Each year we recognize the exemplary efforts of our volunteers who regularly give their time to causes they care about. We are proud to shine a bright spotlight on one of those special people—Alexis Stevens, an Atlanta-based Technology Consulting Senior Manager who is the recipient of Accenture’s U.S. Corporate Citizenship Volunteer Award.
Alexis talks about Accenture’s culture of giving and her work with two Accenture nonprofit partners, The Scholarship Academy and City of Refuge.
What inspires you to volunteer?
I’ve often been told by friends and family that I am a “giver.” I love helping people and planning events, so organizing volunteer events is doubly gratifying for me. Using the skills I’ve developed through my job to help someone else is a great feeling.
How are you using digital tools to help youth and women find jobs?
We recently held a career planning session for women at City of Refuge using the Skills to Succeed Learning Exchange, an online platform that offers more than 100 online and smartphone courses and resources specifically focused on helping people find employment.
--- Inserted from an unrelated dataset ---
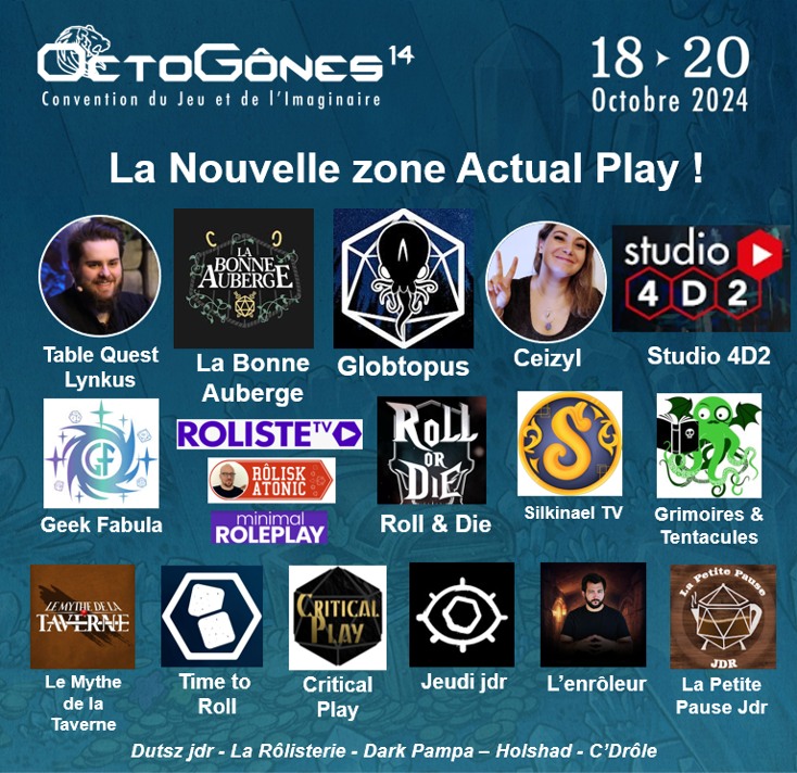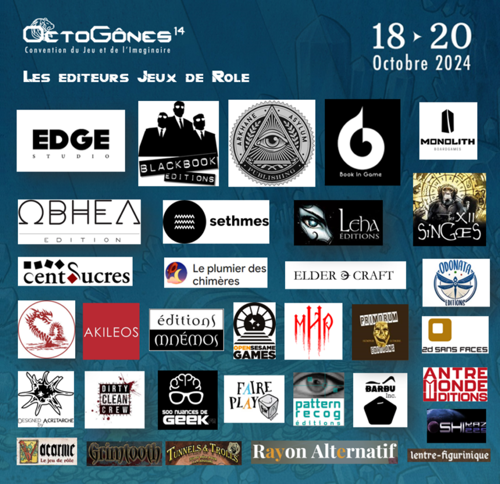 OctoGônes est heureux de vous proposer une rencontre exclusive avec ceux qui façonnent le monde rôliste en ce moment : des auteurs de jeux de rôles en cours de création et des projets originaux liés au jeu de rôles ! Venez découvrir ces jeux de rôles originaux qui seront peut-être les indispensables de vos ludothèques de demain. Vous pourrez ainsi échanger avec les auteurs, découvrir les dessous de la création d’un jeu et vous renseigner sur les projets rôlistes en cours !

The women in our session took a personality assessment that matched them with potential career paths. They were so excited to read about their personalities and the potential job profiles they had never imagined for themselves!
What is one of your favorite volunteering moments?
I’ve been involved in volunteering at Accenture since I joined 10 years ago, so I have many great memories! One of my favorites is when we had a group volunteer event at a local scholarship fair. We were responsible for helping teens with their elevator pitches. We helped about 80 students and chose finalists to present to a crowd of about 200 people! The best part of the event was that the audience selected two winners who received scholarships from Accenture.
Alexis Stevens, far left, with her colleagues at The Scholarship Academy Fair
What has volunteering taught you?
Volunteering has taught me the importance of meeting people at all different life-states. You can plan an event down to the minute but as soon as the event starts, you may have to customize it to the people you are trying to serve. It’s okay to go off-topic and abandon the agenda. It's important that people walk away with new skills or insights.
Why is it important to give back?
One of the most important aspects of giving back is paying it forward. My goal is to help someone who will in turn help someone else, who will then help someone else…and so on.
How do you plan to make a difference in the year ahead?
This year, I plan to get more involved by mentoring youth through a nonprofit partner. Being a sounding board for young people as they start to make adult decisions appeals to me. I want to share my experiences in “adulting”—not only discussing the successes, but discussing the failures, too.